The federal government spending package for Fiscal Year 2023 passed by Congress ahead of the Christmas holiday includes creation of the first Cabinet-level agency representative for the travel and tourism industry.
The Omnibus Travel and Tourism Act, which was wrapped into the overall omnibus spending bill that covers government spending through September 30, 2023, authorizes the position of Assistant Secretary for Travel and Tourism in the Department of Commerce.
President Joe Biden on Thursday signed into law the $1.3 trillion spending bill, H.R. 2617, after it was passed by the House and Senate last week.
Advocates for U.S. travel and tourism have been lobbying for the last three decades for a representative at the highest level of government for the $1.1 trillion industry.
“Thanks to a bipartisan and bicameral group of congressional leaders, the United States will now join all G20 countries with a senior federal official focused on travel,” said U.S. Travel Association President and CEO Geoff Freeman.
“The assistant secretary will play an important role as we partner with government to lower visitor visa wait times, modernize security screening and leverage new technologies to make travel more seamless and secure,” Freeman said.
A possible nominee for the position by President Joe Biden has yet to surface, and the nomination will be subject to confirmation by the U.S. Senate.
“During the COVID-19 pandemic, travel advisors had a front-row seat to the scattered nature of federal oversight of the travel industry,” said American Society of Travel Advisors Executive Vice President for Advocacy Eben Peck.

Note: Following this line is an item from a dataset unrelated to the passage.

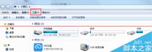 ①,打开电脑的“计算机”→点击“工具”下,→“文件夹选项”
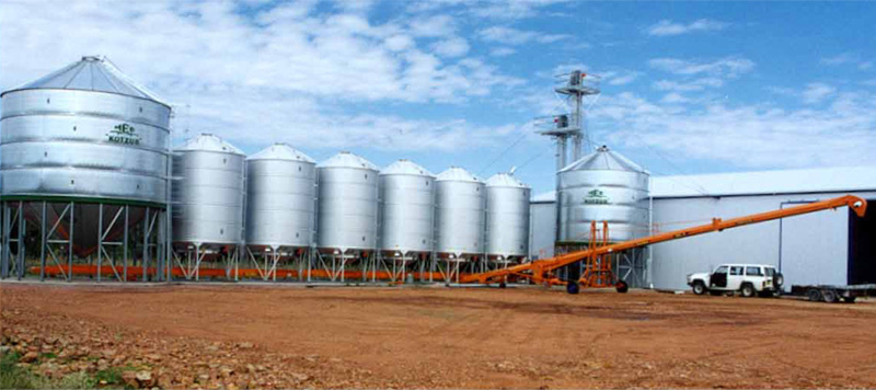 - ‘In-Line’ or ‘cluster’ silo complex is used in conjunction with high performance Aust-Mech Conveyors, resulting in a simple, rugged and cost effective storage and handling solution.

“Contending with numerous federal agencies and ever-changing, and sometimes conflicting, rules regarding travel while struggling to keep their businesses alive put unnecessary and avoidable hardships on travel advisors,” Peck said.

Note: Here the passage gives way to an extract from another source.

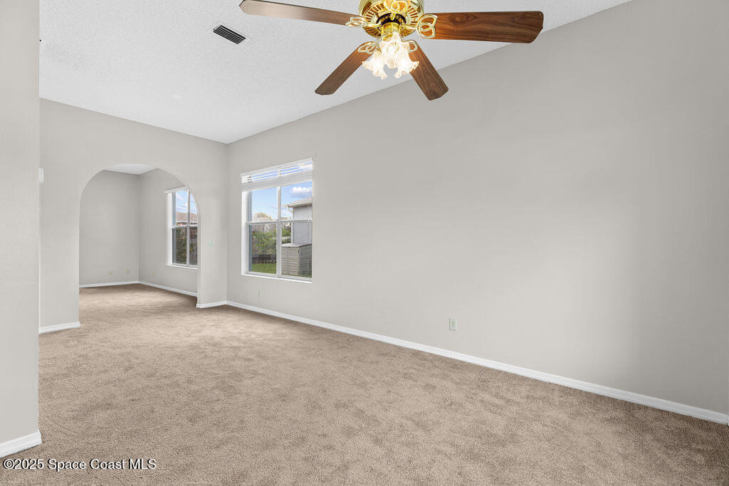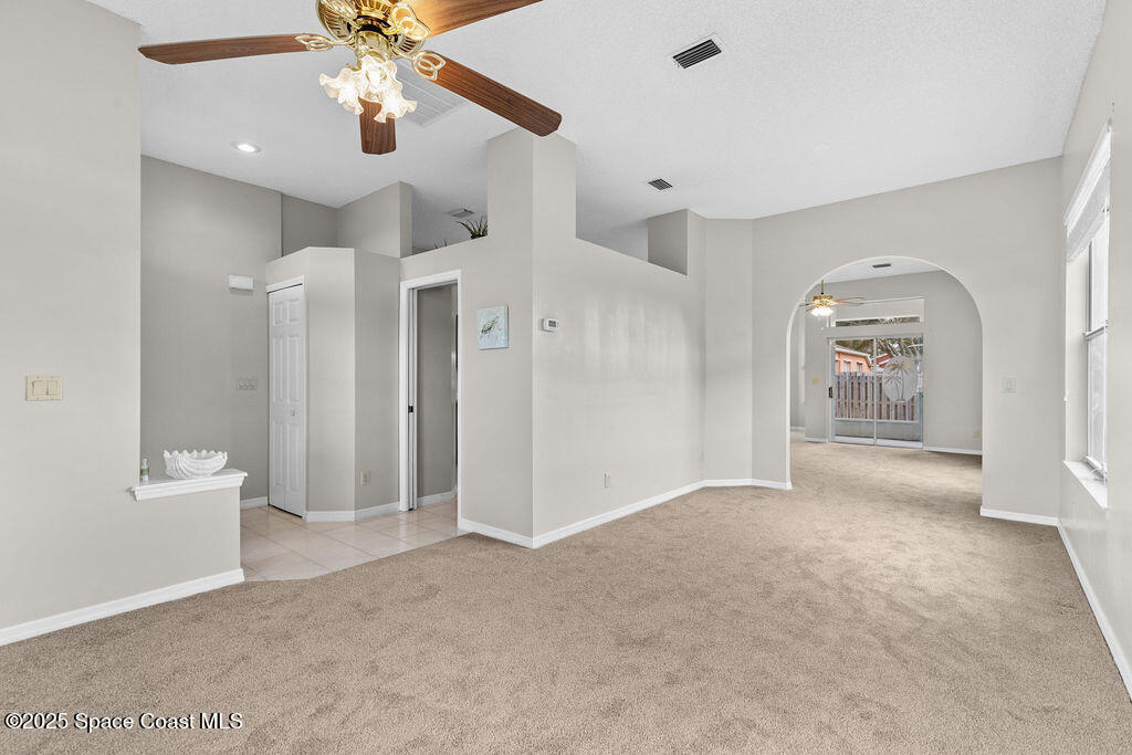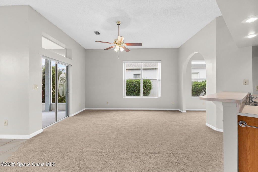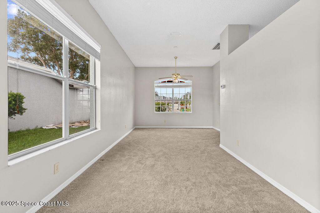 Move-In-Ready 3-Bedroom Home in Sought-After Viera Community - Well-maintained 3-bedroom, 2-bath home offers 1,644 sq. ft. of comfortable living space designed for everyday enjoyment. The bright, open living and dining area features large windows that fill the home with natural light. The spacious kitchen includes a breakfast bar, pantry, and plenty of counter space. Just off the kitchen, the cozy family room and inviting breakfast nook provide the perfect gathering space and open directly to the screened-in patio--ideal for relaxing or entertaining outdoors. This home features new carpet throughout and fresh exterior paint, offering a clean and move-in-ready feel. The roof was replaced in 2014. Residents of Hammock Trace enjoy access to a community pool and clubhouse. Conveniently located near top-rated schools, shopping, dining, parks, and I-95, this home offers the perfect balance of comfort and convenience. View the 360 virtual tour: https://my.matterport.com/show/?m=rS4DsdkUoau

More than 225 travel advisors and suppliers representing the ASTA descended on Washington to lobby for passage of the Omnibus Travel and Tourism Act and share stories on how their businesses were impacted during the pandemic.
“Their hard work paid off, as the legislation tripled its cosponsors in the week following ASTA’s Legislative Day. Since that time, ASTA and its members have continued to push for inclusion in any year-end legislative vehicle,” Peck said.
“Creating a high-level leadership position within the federal government focused on travel industry concerns, as this legislation does, would protect the industry from unnecessary setbacks due to conflicting and confusing policy decisions in the future,” Peck said.
On September 29, the House passed the Visit America Act, H.R. 6965, to safeguard the travel industry should another pandemic occur. The Senate version, S. 1947, was incorporated into the Omnibus Travel and Tourism Act, S. 3375, which advanced out of the Senate Commerce, Science and Transportation Committee in December 2021.
Summary of provisions of the Omnibus Travel and Tourism Act:
- Establish an Assistant Secretary of Commerce for Travel andTourism in the Department of Commerce. The Assistant Secretary of Commerce for Travel and Tourism would support and enhance domestic travel and tourism by, among other responsibilities, creating goals for international visitation and travel and tourism exports.
- Establish the United States Travel and Tourism Advisory Board with membership comprised of representatives from companies and organizations in the travel and tourism industry who would be appointed for two-year terms and would advise the Secretary of Commerce on travel and tourism industry-related matters.
- Direct the Secretary of Commerce, in consultation with the U.S. Travel and Tourism Advisory Board, the Tourism Policy Council, and the Secretary of Homeland Security, to submit to Congress a 10-year travel and tourism strategy, not less frequently than once every 10 years.
- Direct the Secretary of Commerce to study the effects of the pandemic on the travel and tourism industry and submit a report on the final study to Congress.
- Establish the Joint Task Force on Air Travel During and After the COVID–19 Public Health Emergency, which would develop recommended requirements, plans, and guidelines to address issues relating to air travel and airport operations during and after the COVID–19 public health emergency and report its recommendations to Congress.
- Direct the Secretary of Transportation to establish a Joint Federal Advisory Committee to develop policy recommendations for the Joint Task Force on Air Travel During and After the Covid–19 Public Health Emergency to consider in developing its recommendations.
- Direct the Administrator of the Transportation Security Administration to conduct a study of the feasibility of using canines to detect the virus that causes COVID–19; and if it is feasible, whether and how airports can use canines to screen passengers, aircraft crew members, and other individuals who pass through airports.
- Authorize the Administrator of the Transportation Security Administration, in coordination with the Commissioner of U.S. Customs and Border Protection, to conduct a 6-year pilot program, at up to six foreign last point of departure (LPD) airports, where passengers departing those airports could continue on additional flights or flight segments originating in the United States without additional security rescreening if their initial screening at the LPD airport was conducted in accordance with an aviation screening agreement and if other security requirements are met.